BRIEF -
Without any pictures, output the records exactly as they are.

*** Opening DATA UNDER STUDY ***

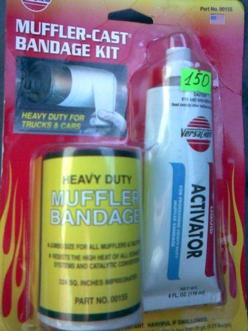 После недавней поездке на природу у меня на выхлопной системе появилась трещина (показано стрелкой). В сервисе сказали надо разбирать и заваривать. Боюсь, что при разборки глушителя они могут еще чего небудь сломать. Вот купил набор для ремонта глушителя. Кто чего может сказать спасет это меня или все-таки нужно варить.
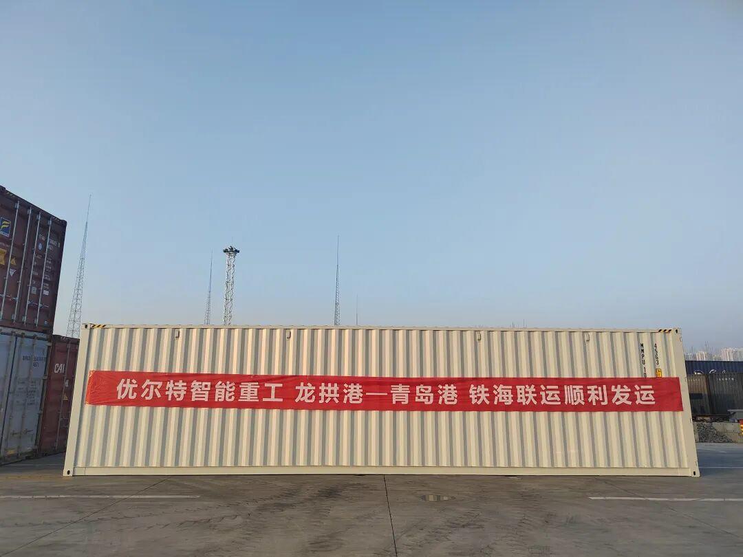 12月17日,山东优尔特智能重工机械有限公司(以下简称“优尔特重工”)发往欧美市场的工程机械设备,在龙拱港集装箱作业区完成装箱集港,由自动化轨道吊精准吊装至铁路班列,正式启运出海。
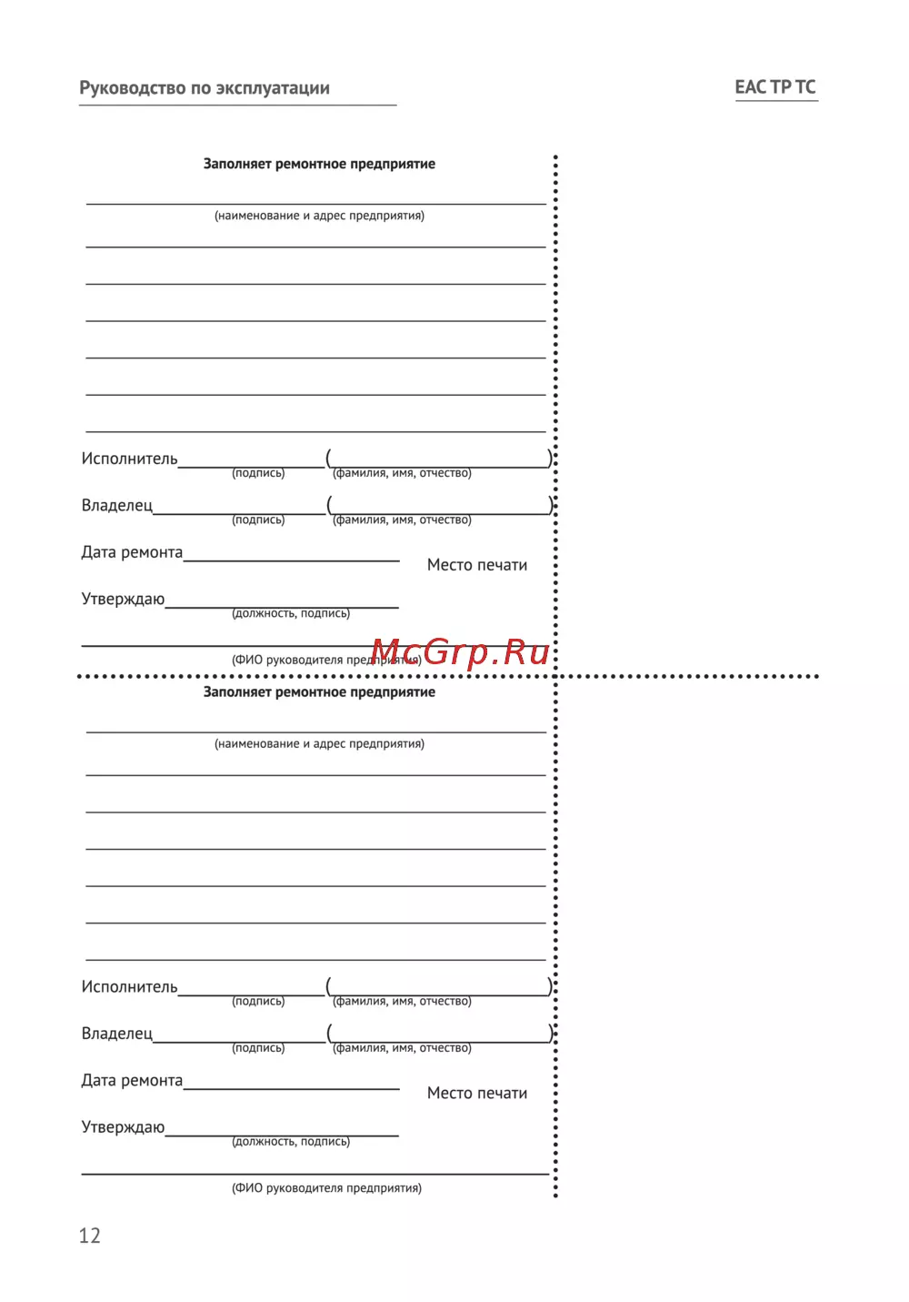 ЕАСТРТС Руководство по эксплуатации Заполняет ремонтное предприятие наименование и адрес предприятия И с п ол н ител ь__ _____ ____________________ _________ подпись фамилия имя отчество Вл а дел е ц____________ ___________________ _________ подпись фамилия имя отчество Дата ремонта Место печати Ут в е р жд а ю____ _____________ _____ должность подпись ФИО руководителя предприятия Заполняет ремонтное предприятие наименование и адрес предприятия И с п ол н ител ь__ _____ ___________________ _________ подпись фамилия имя отчество В л а де л е ц_____ _____ __ __________________ _________ подпись фамилия имя отчество Дата ремонта Место печати Утве ржда ю______ _____________ _____ должность подпись ФИО руководителя предприятия 12
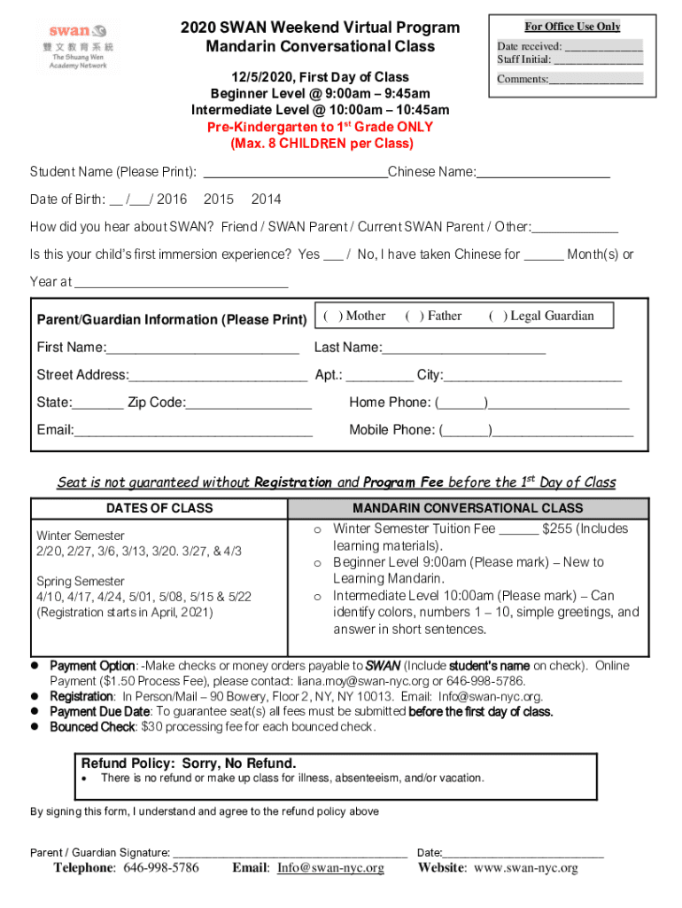2020 SWAN Weekend Virtual Program Mandarin Conversational Class 12/5/2020, First Day of Class Beginner Level @ 9:00am 9:45am Intermediate Level @ 10:00am 10:45am PreKindergarten to 1st Grade ONLY
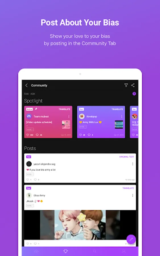 Express and share your love for your bias with like-minded global K-POP fans. As the saying goes, the more you share, the more you grow!
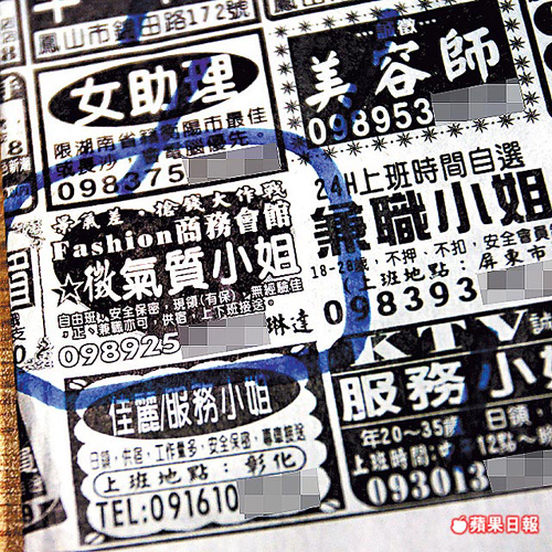 今年三月間,該集團為擴大公司陣容、吸收年輕美眉加入賣淫,在一份人力快報的報紙上刊登分類廣告,征求“氣質(zhì)小姐”,強調(diào)自由班、安全保密、工作輕松,單純陪客人聊天喝酒。
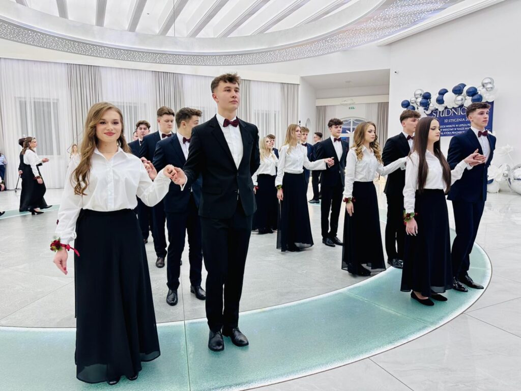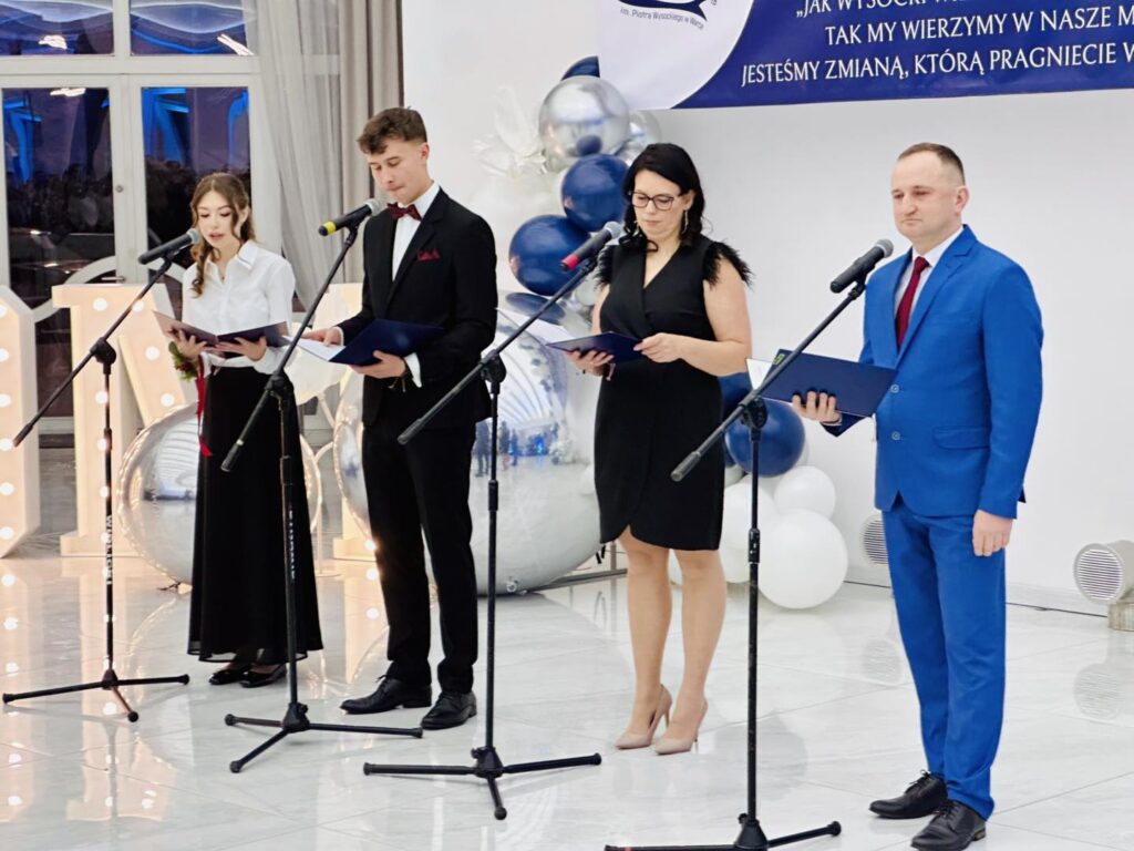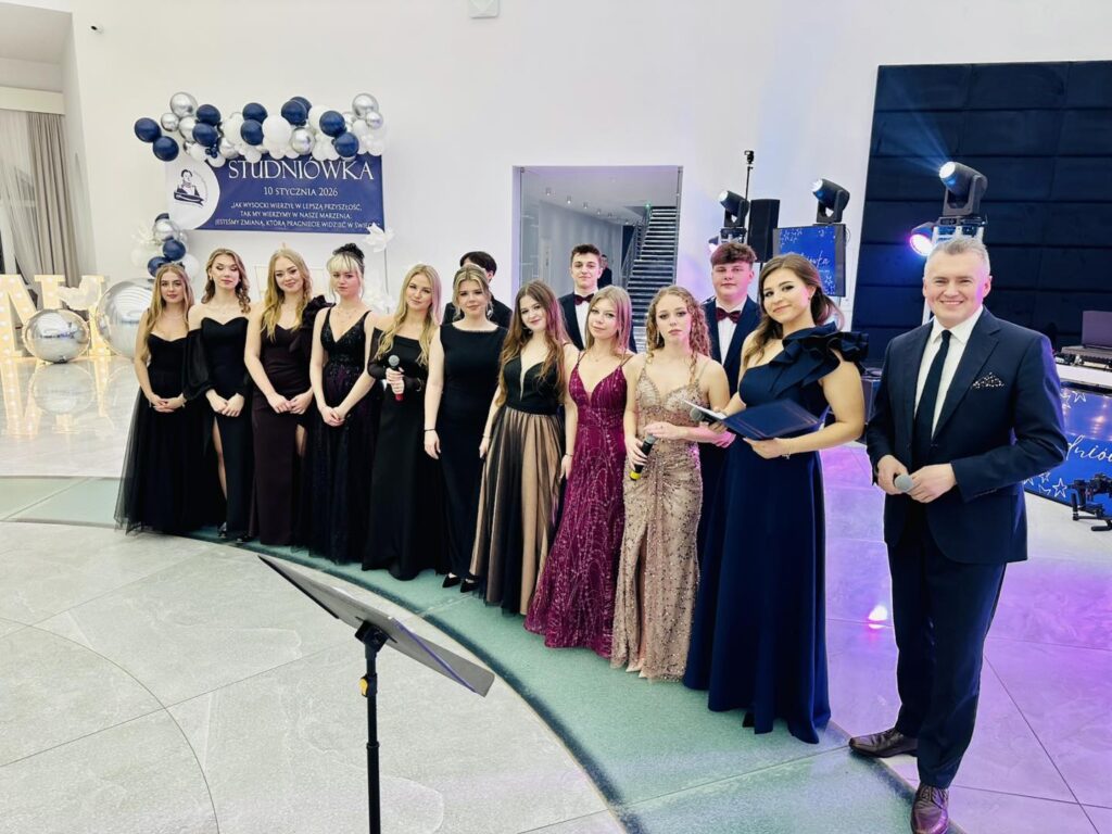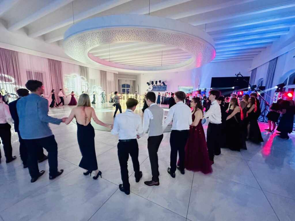Chwilę później parkiet opanowali bohaterowie wieczoru. Młodzież zaprezentowała aż trzy tury przepięknego poloneza, nagradzanego gromkimi brawami. Elegancja, skupienie i duma, jaka malowała się na twarzach uczniów, pokazały, jak ważny był to moment. Po tańcach przyszedł czas na życzenia i podziękowania pełne ciepłych słów, wdzięczności i emocji, które niejednej osobie zakręciły łzę w oku. Prawdziwą niespodzianką okazał się występ pani Dyrektor Ewy Karkowskiej i Wychowawców klas czwartych Zbigniewa Stępnia, Janusza Rejncharda i Hadriana Ślusarskiego, którzy po raz pierwszy w historii studniówki „Wysockiego” zaśpiewali specjalnie dla swoich uczniów. Sala wypełniła się owacjami, a młodzież jeszcze mocniej poczuła, jak wyjątkowa więź łączy ich z nauczycielami.

*** Closing DATA UNDER STUDY ***

SOLVED PROBLEM -
 После недавней поездке на природу у меня на выхлопной системе появилась трещина (показано стрелкой). В сервисе сказали надо разбирать и заваривать. Боюсь, что при разборки глушителя они могут еще чего небудь сломать. Вот купил набор для ремонта глушителя. Кто чего может сказать спасет это меня или все-таки нужно варить.
 12月17日,山东优尔特智能重工机械有限公司(以下简称“优尔特重工”)发往欧美市场的工程机械设备,在龙拱港集装箱作业区完成装箱集港,由自动化轨道吊精准吊装至铁路班列,正式启运出海。
 ЕАСТРТС Руководство по эксплуатации Заполняет ремонтное предприятие наименование и адрес предприятия И с п ол н ител ь__ _____ ____________________ _________ подпись фамилия имя отчество Вл а дел е ц____________ ___________________ _________ подпись фамилия имя отчество Дата ремонта Место печати Ут в е р жд а ю____ _____________ _____ должность подпись ФИО руководителя предприятия Заполняет ремонтное предприятие наименование и адрес предприятия И с п ол н ител ь__ _____ ___________________ _________ подпись фамилия имя отчество В л а де л е ц_____ _____ __ __________________ _________ подпись фамилия имя отчество Дата ремонта Место печати Утве ржда ю______ _____________ _____ должность подпись ФИО руководителя предприятия 12
2020 SWAN Weekend Virtual Program Mandarin Conversational Class 12/5/2020, First Day of Class Beginner Level @ 9:00am 9:45am Intermediate Level @ 10:00am 10:45am PreKindergarten to 1st Grade ONLY
 Express and share your love for your bias with like-minded global K-POP fans. As the saying goes, the more you share, the more you grow!
 今年三月間,該集團為擴大公司陣容、吸收年輕美眉加入賣淫,在一份人力快報的報紙上刊登分類廣告,征求“氣質(zhì)小姐”,強調(diào)自由班、安全保密、工作輕松,單純陪客人聊天喝酒。
Chwilę później parkiet opanowali bohaterowie wieczoru. Młodzież zaprezentowała aż trzy tury przepięknego poloneza, nagradzanego gromkimi brawami. Elegancja, skupienie i duma, jaka malowała się na twarzach uczniów, pokazały, jak ważny był to moment. Po tańcach przyszedł czas na życzenia i podziękowania pełne ciepłych słów, wdzięczności i emocji, które niejednej osobie zakręciły łzę w oku. Prawdziwą niespodzianką okazał się występ pani Dyrektor Ewy Karkowskiej i Wychowawców klas czwartych Zbigniewa Stępnia, Janusza Rejncharda i Hadriana Ślusarskiego, którzy po raz pierwszy w historii studniówki „Wysockiego” zaśpiewali specjalnie dla swoich uczniów. Sala wypełniła się owacjami, a młodzież jeszcze mocniej poczuła, jak wyjątkowa więź łączy ich z nauczycielami.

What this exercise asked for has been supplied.